ARTISTA EXCÊNTRICO? SERÁ?

Existe uma narrativa romântica do gênio atormentado produzindo sua obra prima. Isso remonta (e destrói artistas) desde o século XIX com alguma intensidade. É possível lembrar do poeta francês Arthur Rimbaud como um exemplo deste mito. O poeta que influenciou Dylan e Jim Morrison (para citar apenas dois) tem uma história intensa dentre as rodas literárias durante os primeiros anos de sua juventude, para, diante de uma desilusão cínica, se tornar mercador de armas na África. Um certo estereotipo acompanha os artistas e, por vezes, atrapalha demais suas vidas. Muitos se interessam em fazer a grana continuar girando e se vende uma confusão entre genialidade e loucura. João Gilberto e Roberto Carlos foram duas vítimas dessa lógica cruel. O Rei Roberto, em um determinado momento, após décadas de valorização de suas manias por parte da mídia (principalmente, mas não exclusivamente daquela com a qual mantém polpudos contratos comerciais), se deparou com o diagnóstico de Transtorno Obsessivo Compulsivo, que apenas não o paralisava totalmente pelo fato de todos ao seu redor se curvarem às suas exigências mais estapafúrdias.

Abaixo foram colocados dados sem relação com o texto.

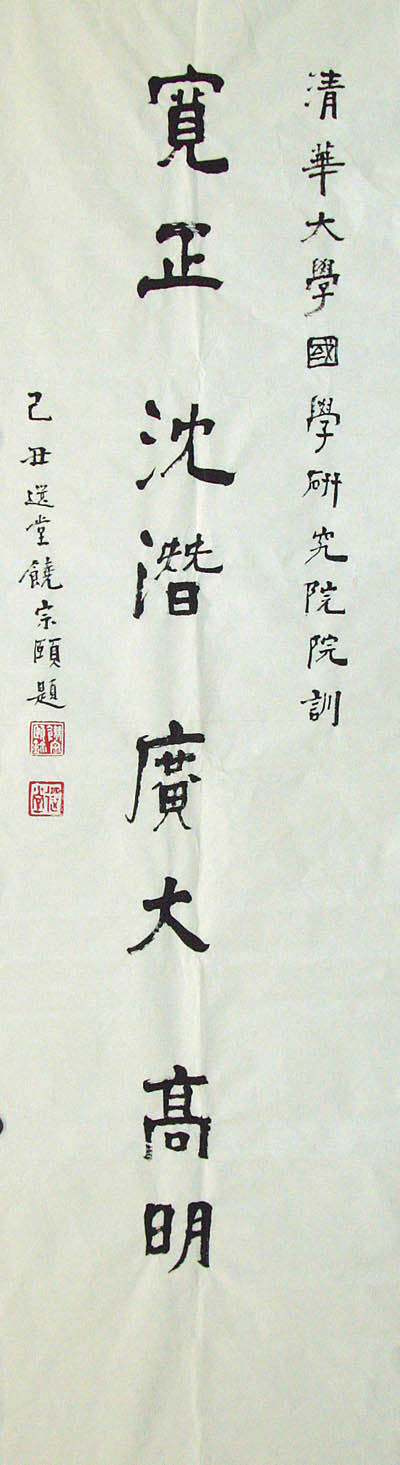 梁先生那句校训,一直是清华人的骄傲,也一直是清华人的修身之本。不过,考虑到梁先生提出的校训,主要是针对大学生群体,而突出一个做人的标准,那么清华国学院作为一个高等研究机构,则应当基于更高的标准,来进一步规范做学问的问题。所以,最终定下的“宽正、沉潜、广大、高明”八字,都涉及对学风的倡导与垂范,它们当然各有经典出处,这里也不必细讲,其实只要想到各自的反义词,就会想到它们在针砭和砥砺什么了——“宽正”是针对“偏激”而言,反对刻意求新而不惜偏激;“沉潜”是针对“浮躁”而言,反对急功近利和浅尝辄止;“广大”在反衬“偏科”,要求思接千载心忧万民,而非为了课题意识而舍弃问题意识;“高明”则在反衬“表浅”,要求既有高远的终极关怀,又有深刻的洞察力。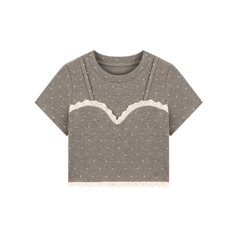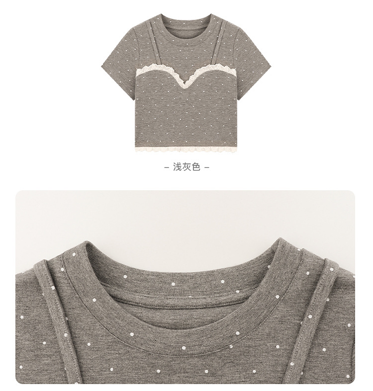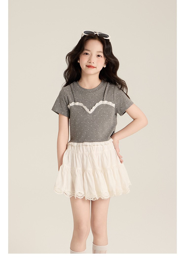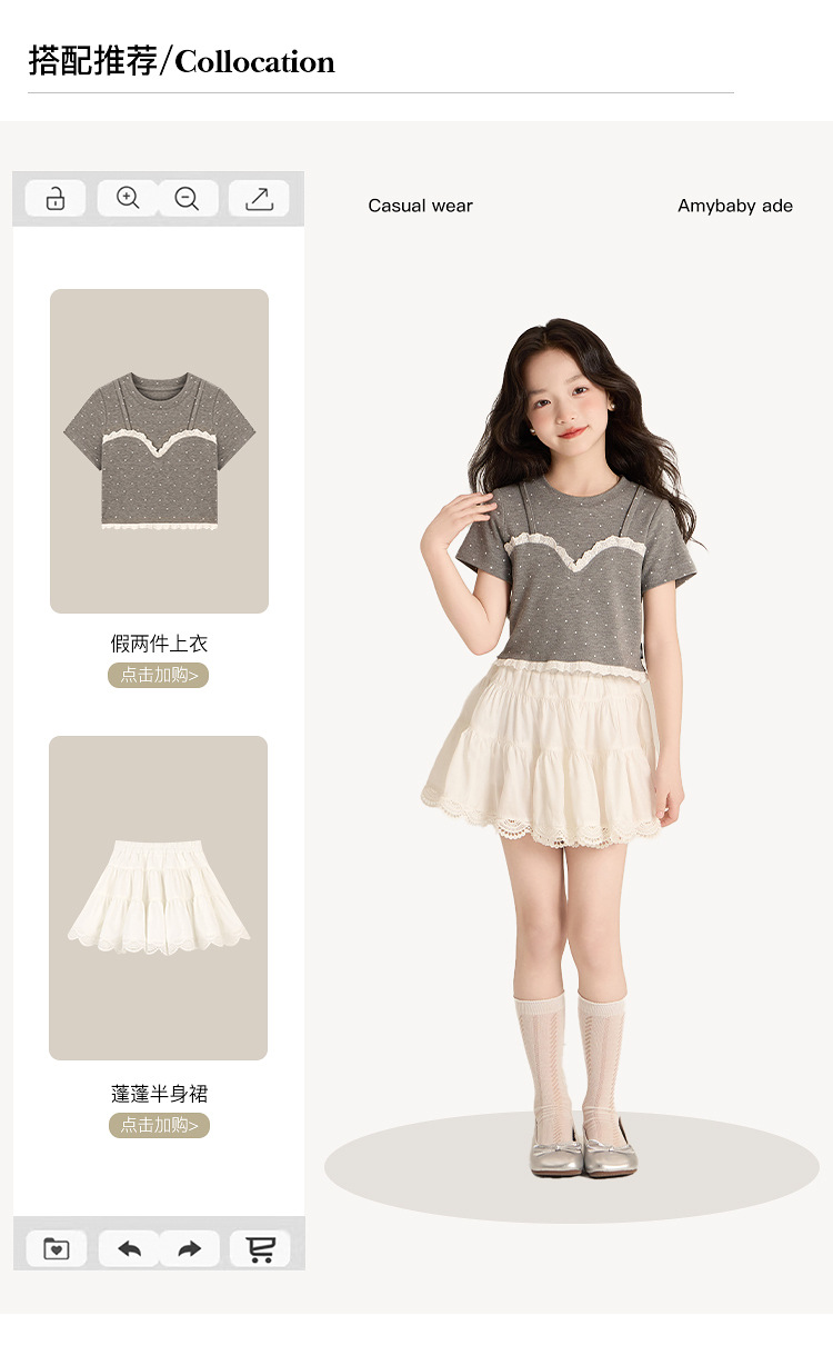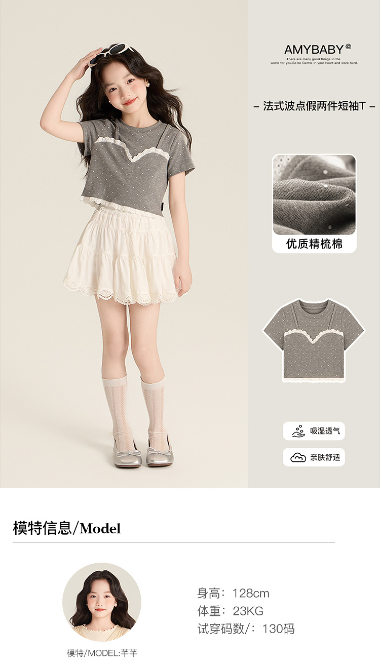 Amybaby Girls 'Top Summer 2025 새로운 한국 스타일 연인 레이스 가짜 투피스 짧은 소매스토어 가기

Roberto já declarou por mais de uma vez que faz terapia para amenizar os sintomas. Já João Gilberto se tornou cada vez mais isolado e não está claro para o público em como ele passou os últimos anos (ou décadas) de sua vida e em que condições de saúde e qualidade de vida. Ao que parece, pelo menos em seus últimos dias, João encontrou algum conforto propiciado por sua filha Bebel. A condição de João Gilberto era conhecida ao longo de toda sua carreira, são muitos os relatos de sua excentricidade, como sair dirigindo pela noite para ouvir o barulho do carro, ou receber encomenda de conhecidos abrindo apenas um vão de sua porta de hotel. Mas parece que sua genialidade e o lucro de terceiros se sobrepuseram ao interesse de cuidar de suas condições mentais. Como teria sido sua vida e (quiçá) os últimos anos de carreira se ele tivesse sido tratado? As respostas não são tão simples. Na realidade, o futuro do pretérito são apenas conjecturas irreais que manifestam os nossos desejos e padrões. Conversando com o psicanalista Marcus Techainer, podemos ter uma ideia mais ampla. Como ele explica, “nem toda loucura precisa ser tratada. Essa loucura que afirmo é um certo inconformismo com as regras vigentes, com os padrões, com o estabelecido. A possibilidade psíquica de se ver só e apostar em uma novidade, que pode tanto naufragar, como pode ser o divisor de águas de um tempo. Isso não tem a ver com uma excentricidade formatada, vida louca, rock’n’roll, jogar TV pela janela do quarto, isto é sociedade do espetáculo, é a própria adequação aos padrões. Então, quando você me pergunta sobre diagnóstico e tratamento, eu me pergunto sobre saúde mental. Talvez haja um imperativo da felicidade na nossa sociedade atual, da felicidade e da produtividade. E talvez esse não seja um bom modelo de saúde mental. Nem todo mundo precisa de diagnóstico, muito menos de tratamento. Deste ponto de vista, quando falamos de saúde mental, estamos falando de sofrimento psíquico, que são condições subjetivas de estar no mundo, condições que impedem a pessoa de desejar, trabalhar e amar. Assim, ainda que o músico não tenha encontrado a plenitude da felicidade, mas que ele possa desejar algo para si, e para si mesmo no mundo. Que ele possa trabalhar para se ver atuando no laço social, e possa amar, seja o ou-


tro, seja o que faz, seja o que for. Então, provavelmente, estamos falando de saúde mental. Mas, se este músico sente que antes de tudo, antes de sua expressão ele precisa se adequar a um padrão. Talvez aí estejamos falando de uma amarra que impede a criatividade, a fruição e a fluidez do desejo. Neste caso, o sofrimento talvez seja não se permitir ser quem se deseja ser, e nesta inautenticidade, se encontra a dor psíquica”.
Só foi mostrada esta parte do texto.